Pilgrimage traditions have managed this duality with practical wisdom refined over time. The Hajj is by definition a collective experience: two million people performing the same gestures in the same space at the same moment, a synchronization of intention and movement that verges on the vertiginous. And yet within it are moments of individual, silent, untransferable prayer.

The Camino de Santiago in its medieval form was walked by people who traveled together for stretches and then separated — not through disorganization, but because the route naturally made room for both modes.

The risks of each choice

The risk of walking with company is well known to anyone who has done a long route with someone else: conversation can become a refuge, a way of not having to be alone with yourself. You can walk for thirty days and never really reach interior silence, because there’s always something to say, comment on, share. This isn’t necessarily a lesser experience. But it’s a different one from what a long walk can offer in silence.

The risk of walking alone is less discussed but equally real: solitude can amplify whatever you wanted to work through until it becomes oppressive rather than clear. Without the counterweight of another presence, certain thoughts circle rather than open. Being alone with yourself for weeks doesn’t always produce clarity. Sometimes it produces only intensified noise.
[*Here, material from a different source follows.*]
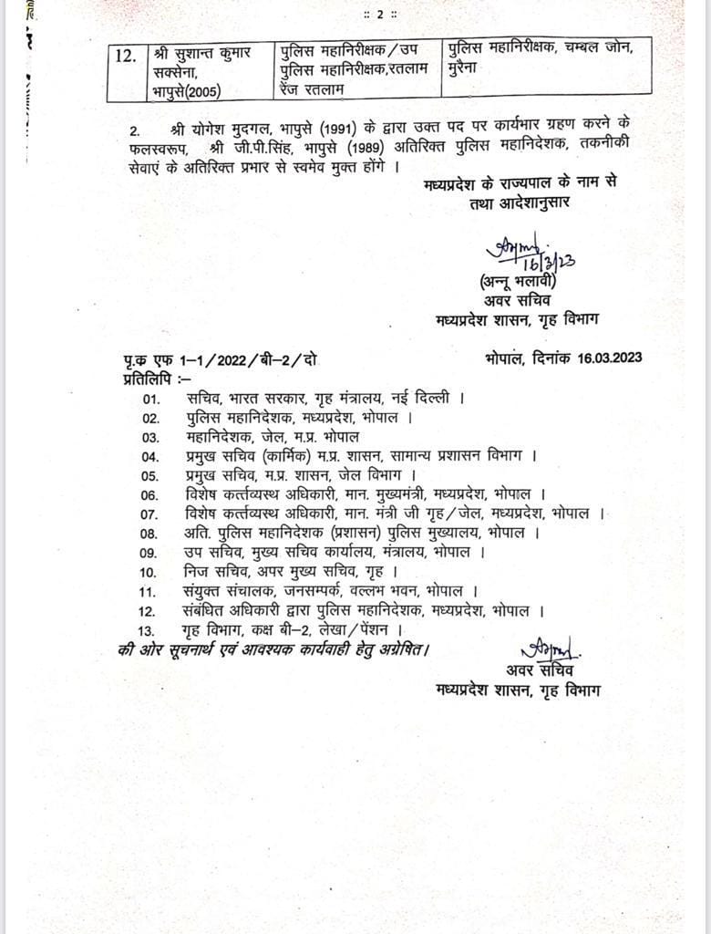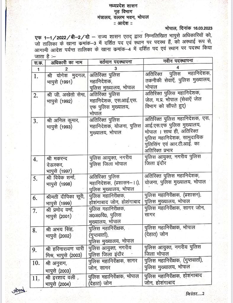 तबादला सूची में पुलिस मुख्यालय भोपाल में पदस्थ ADGP योगेश मुद्गल को ADGP तकनीकी सेवाएं पुलिस मुख्यालय भोपाल बनाया गया है, पुलिस मुख्यालय भोपाल में पदस्थ ADGP SISF जी अखेतो सेमा को ADGP जेल पदस्थ किया है, पुलिस मुख्यालय में पदस्थ ADGP योजना अनिल कुमार को ADGP SISF पुलिस मुख्यालय बनाया है साथ ही ADGP सामुदायिक पुलिसिंग की जिम्मेदारी भी सौंपी है।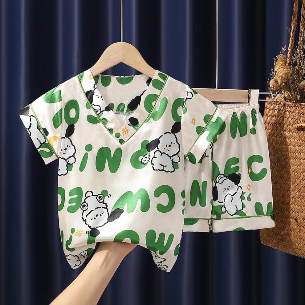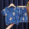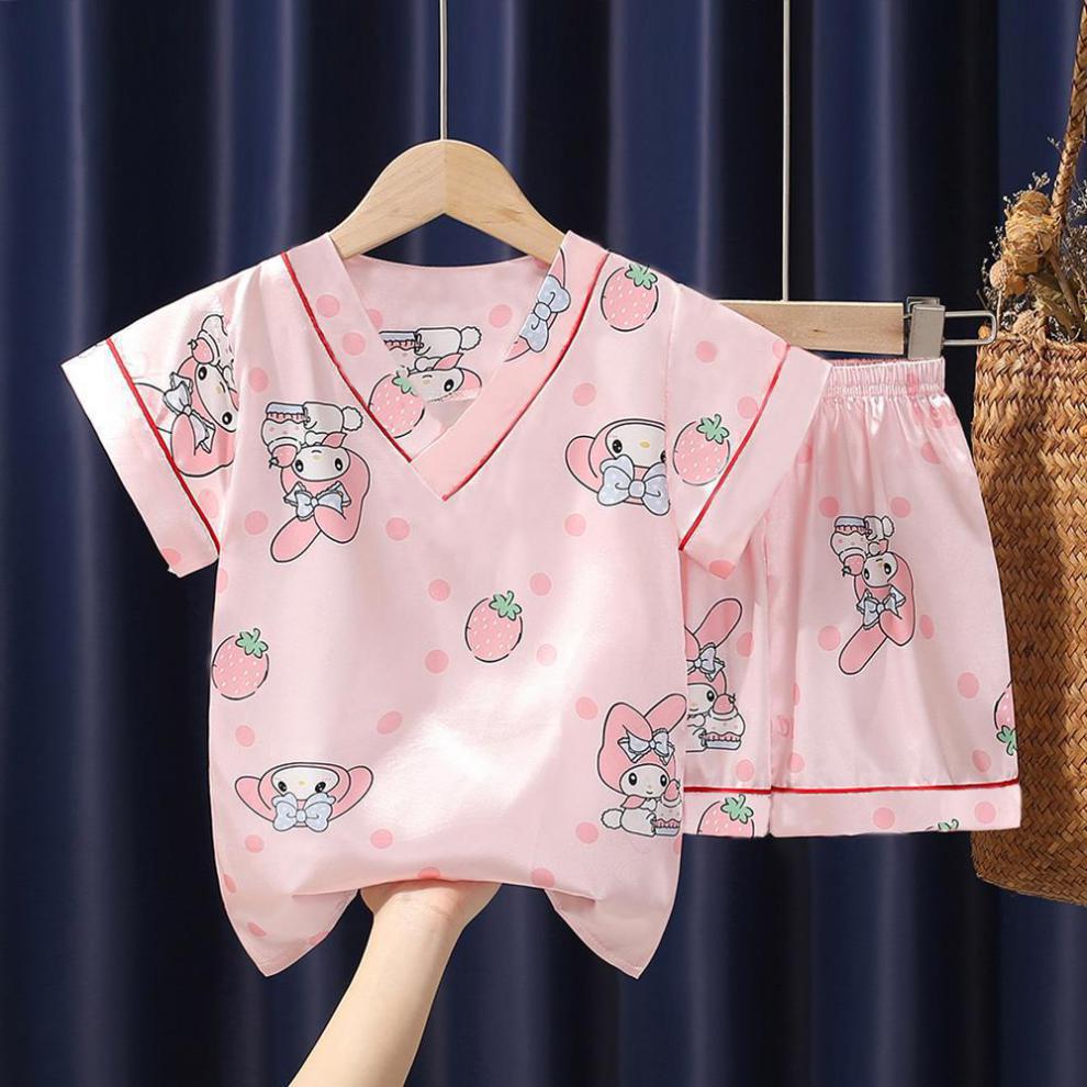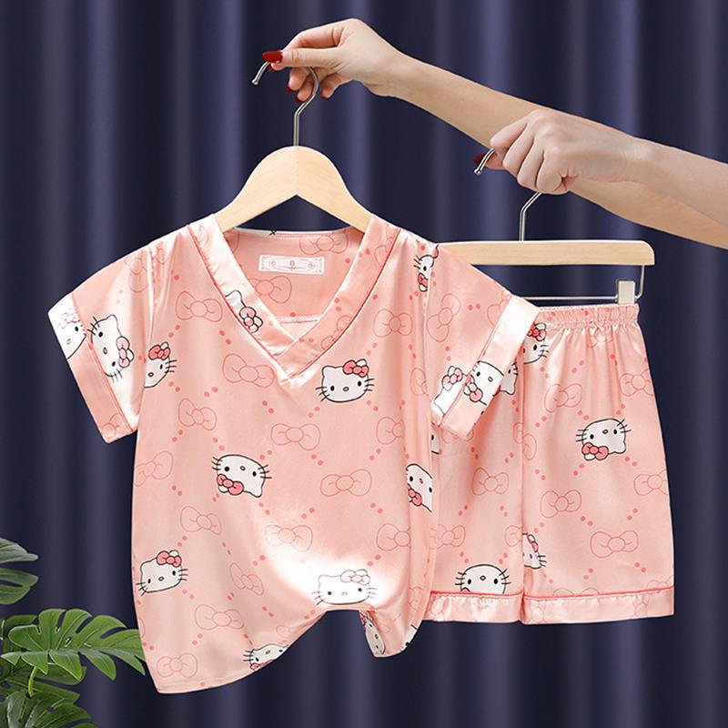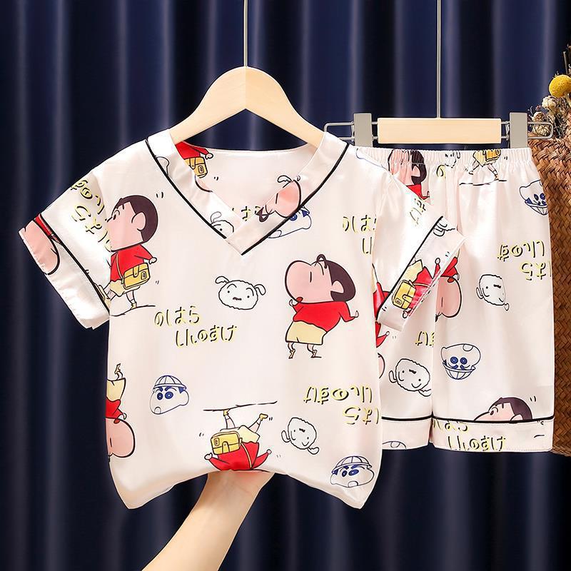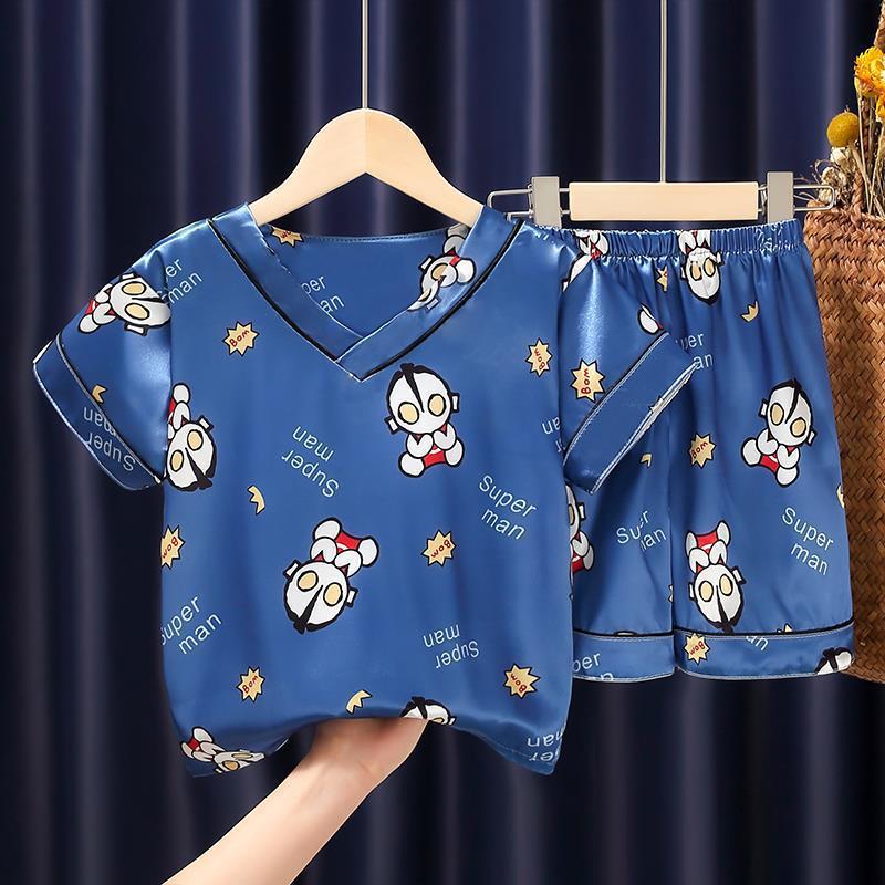 Pijamas para niños, verano 2024, nuevos pijamas de seda de hielo para niñas, finos, de manga corta, talla mediana-grande, para primavera y otoño.

What long pilgrimages teach

The honest answer is that we probably need both — and long walks offer both across their span of weeks: companionships that form spontaneously at the albergues and dissolve just as spontaneously a few days later, moments of absolute solitude in the early morning hours before the others set out, deep conversations with someone met by chance and never seen again. The solitary walk returns us to ourselves. The shared walk returns us to others.

A long walk containing both teaches something no short pilgrimage can: that we are capable of being alone, and capable of being together, and that neither condition, on its own, is enough to describe who we are.